Task brief>
Give back, exactly and with nothing else, the lines running from the one that contains "Дополнительная информация: В" to the end of the entries below; do not include pictures.

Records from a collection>
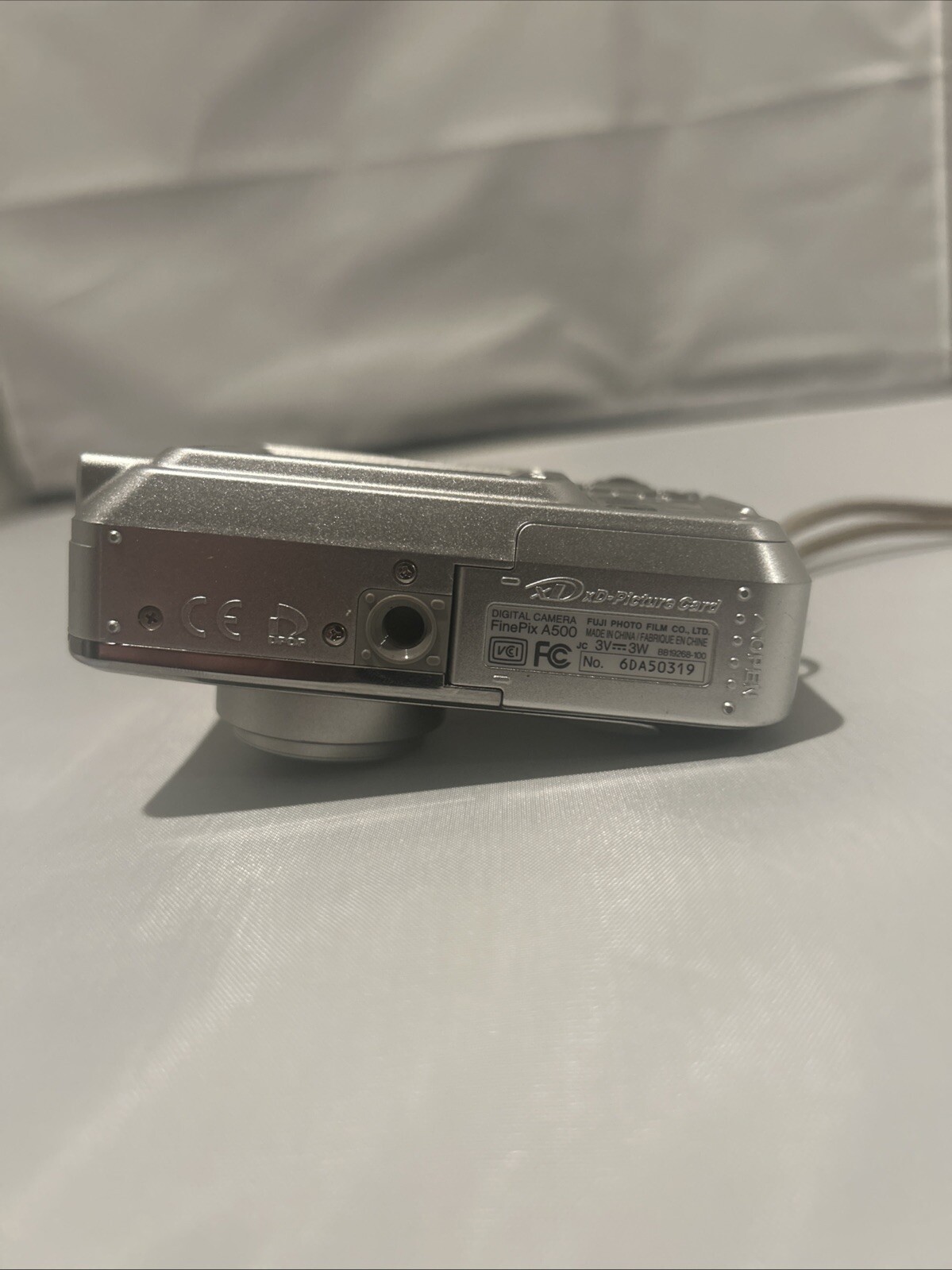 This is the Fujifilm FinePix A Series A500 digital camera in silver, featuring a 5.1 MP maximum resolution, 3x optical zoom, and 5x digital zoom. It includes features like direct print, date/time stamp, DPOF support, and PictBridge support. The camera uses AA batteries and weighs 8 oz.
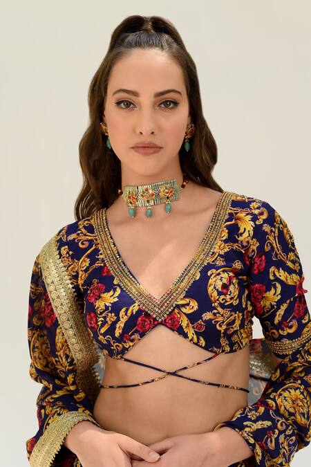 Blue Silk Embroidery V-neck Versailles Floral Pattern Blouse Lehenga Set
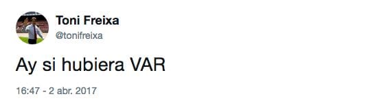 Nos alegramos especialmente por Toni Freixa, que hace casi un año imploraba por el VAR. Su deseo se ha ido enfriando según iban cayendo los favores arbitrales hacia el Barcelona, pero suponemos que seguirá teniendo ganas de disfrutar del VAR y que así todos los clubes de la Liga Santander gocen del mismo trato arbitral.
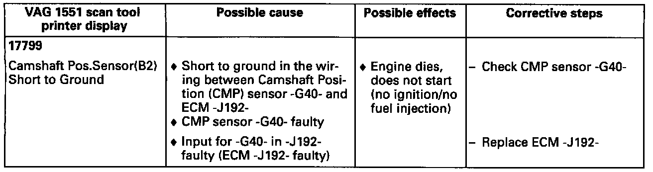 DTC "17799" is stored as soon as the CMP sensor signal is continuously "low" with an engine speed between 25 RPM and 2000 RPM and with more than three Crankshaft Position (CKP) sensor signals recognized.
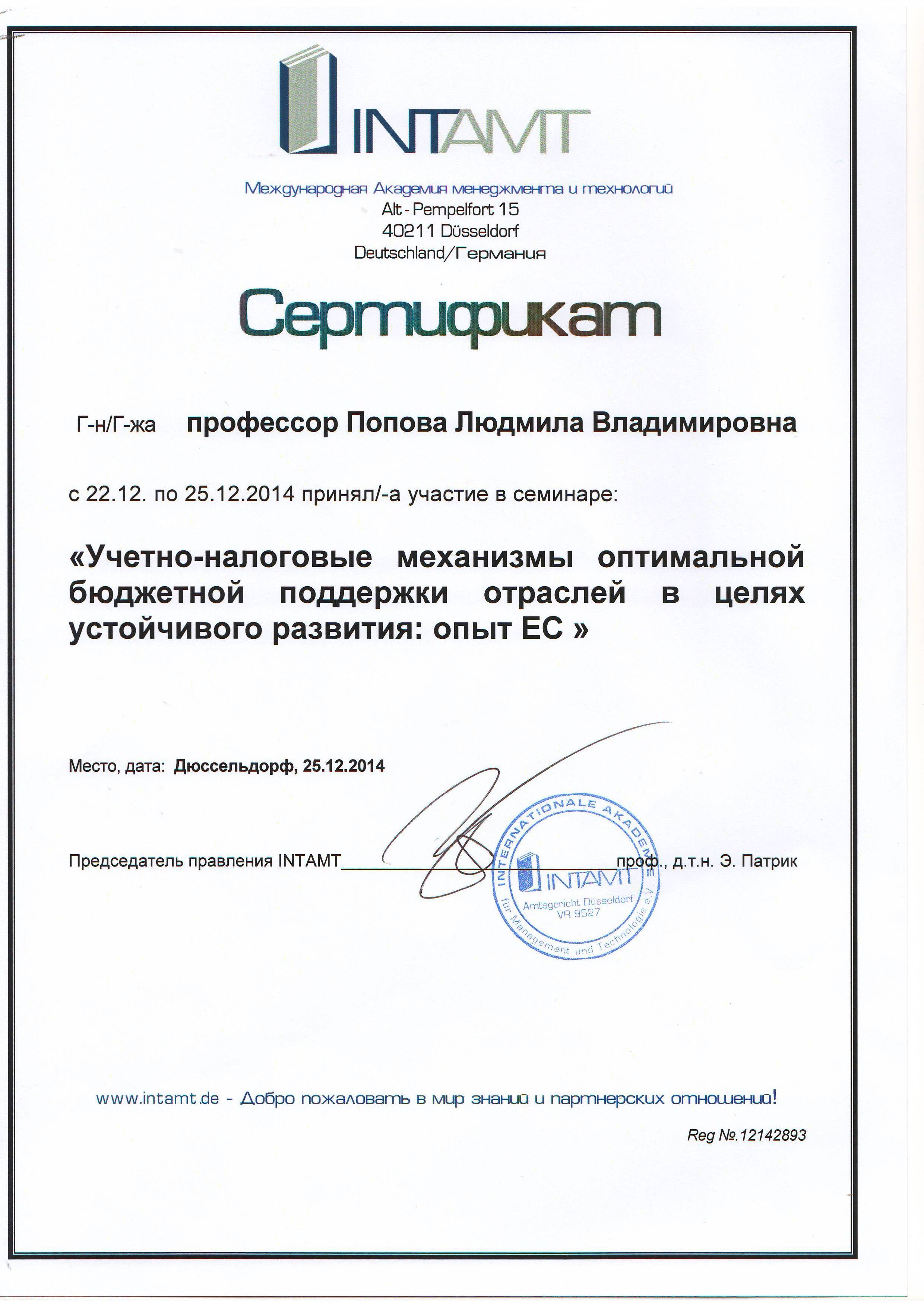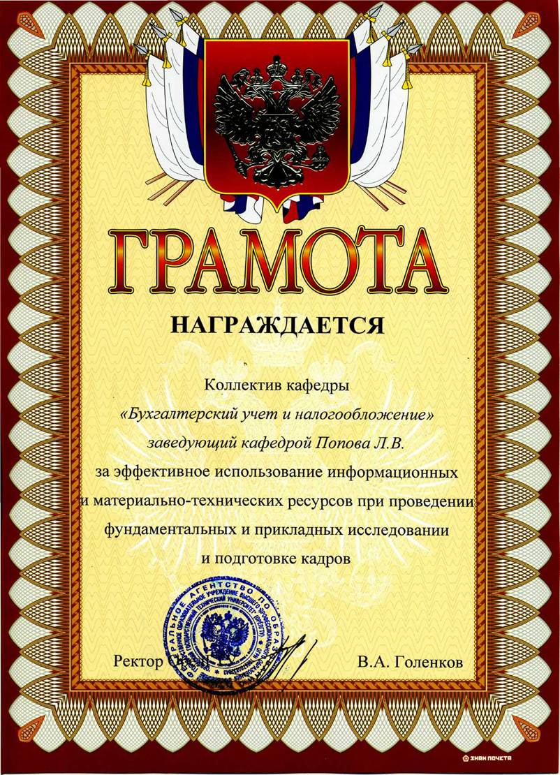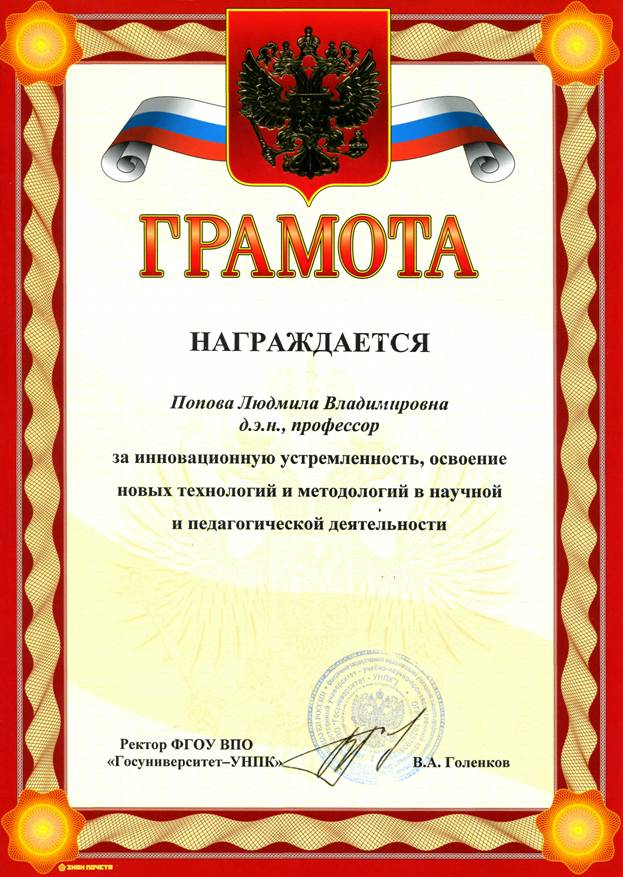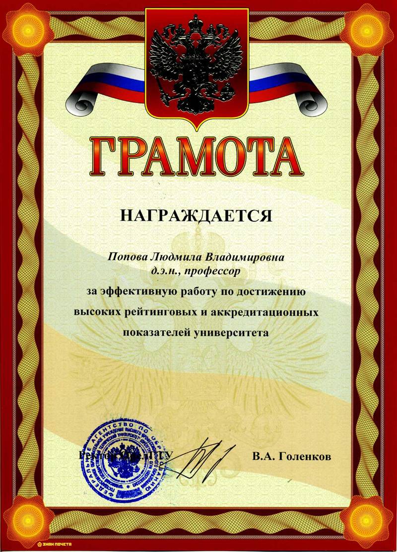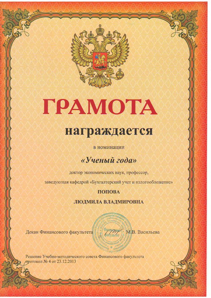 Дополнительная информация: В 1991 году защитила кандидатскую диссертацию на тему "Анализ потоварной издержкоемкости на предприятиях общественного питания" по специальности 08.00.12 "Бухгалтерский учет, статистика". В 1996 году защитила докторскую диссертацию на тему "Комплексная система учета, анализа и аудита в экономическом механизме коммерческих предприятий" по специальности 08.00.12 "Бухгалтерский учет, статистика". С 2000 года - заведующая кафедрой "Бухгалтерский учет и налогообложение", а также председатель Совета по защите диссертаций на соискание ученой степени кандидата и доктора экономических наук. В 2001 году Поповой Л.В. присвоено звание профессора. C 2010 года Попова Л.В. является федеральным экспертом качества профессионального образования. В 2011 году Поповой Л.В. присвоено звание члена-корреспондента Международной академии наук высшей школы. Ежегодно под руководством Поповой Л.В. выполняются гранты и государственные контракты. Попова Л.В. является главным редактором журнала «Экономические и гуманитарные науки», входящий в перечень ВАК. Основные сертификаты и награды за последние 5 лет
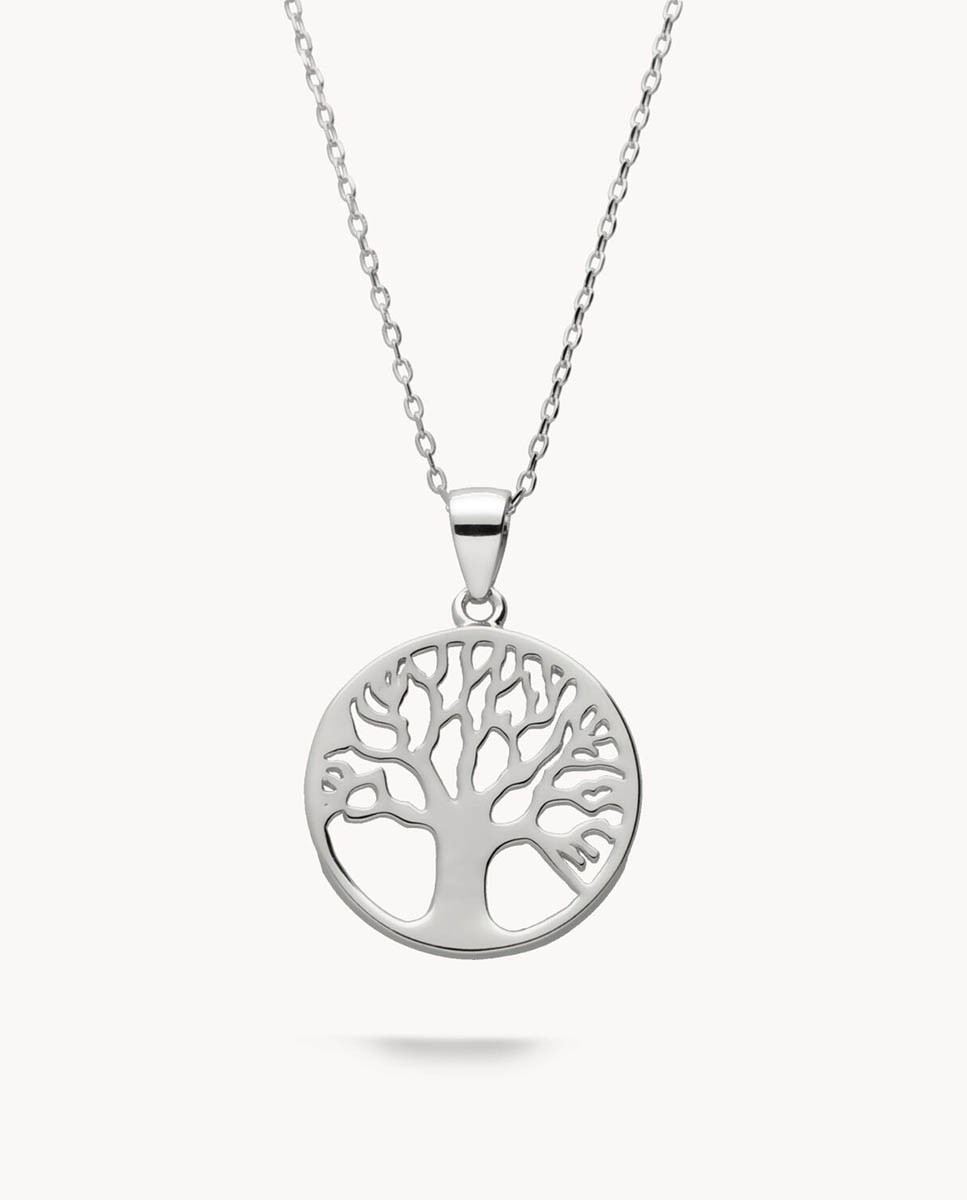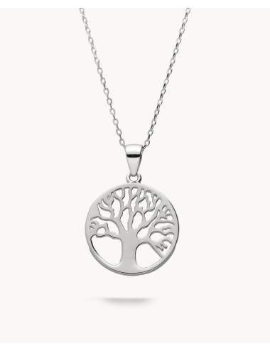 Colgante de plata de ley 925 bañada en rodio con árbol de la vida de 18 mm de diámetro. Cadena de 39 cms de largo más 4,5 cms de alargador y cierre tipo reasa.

Exercise output>
 Дополнительная информация: В 1991 году защитила кандидатскую диссертацию на тему "Анализ потоварной издержкоемкости на предприятиях общественного питания" по специальности 08.00.12 "Бухгалтерский учет, статистика". В 1996 году защитила докторскую диссертацию на тему "Комплексная система учета, анализа и аудита в экономическом механизме коммерческих предприятий" по специальности 08.00.12 "Бухгалтерский учет, статистика". С 2000 года - заведующая кафедрой "Бухгалтерский учет и налогообложение", а также председатель Совета по защите диссертаций на соискание ученой степени кандидата и доктора экономических наук. В 2001 году Поповой Л.В. присвоено звание профессора. C 2010 года Попова Л.В. является федеральным экспертом качества профессионального образования. В 2011 году Поповой Л.В. присвоено звание члена-корреспондента Международной академии наук высшей школы. Ежегодно под руководством Поповой Л.В. выполняются гранты и государственные контракты. Попова Л.В. является главным редактором журнала «Экономические и гуманитарные науки», входящий в перечень ВАК. Основные сертификаты и награды за последние 5 лет
 Colgante de plata de ley 925 bañada en rodio con árbol de la vida de 18 mm de diámetro. Cadena de 39 cms de largo más 4,5 cms de alargador y cierre tipo reasa.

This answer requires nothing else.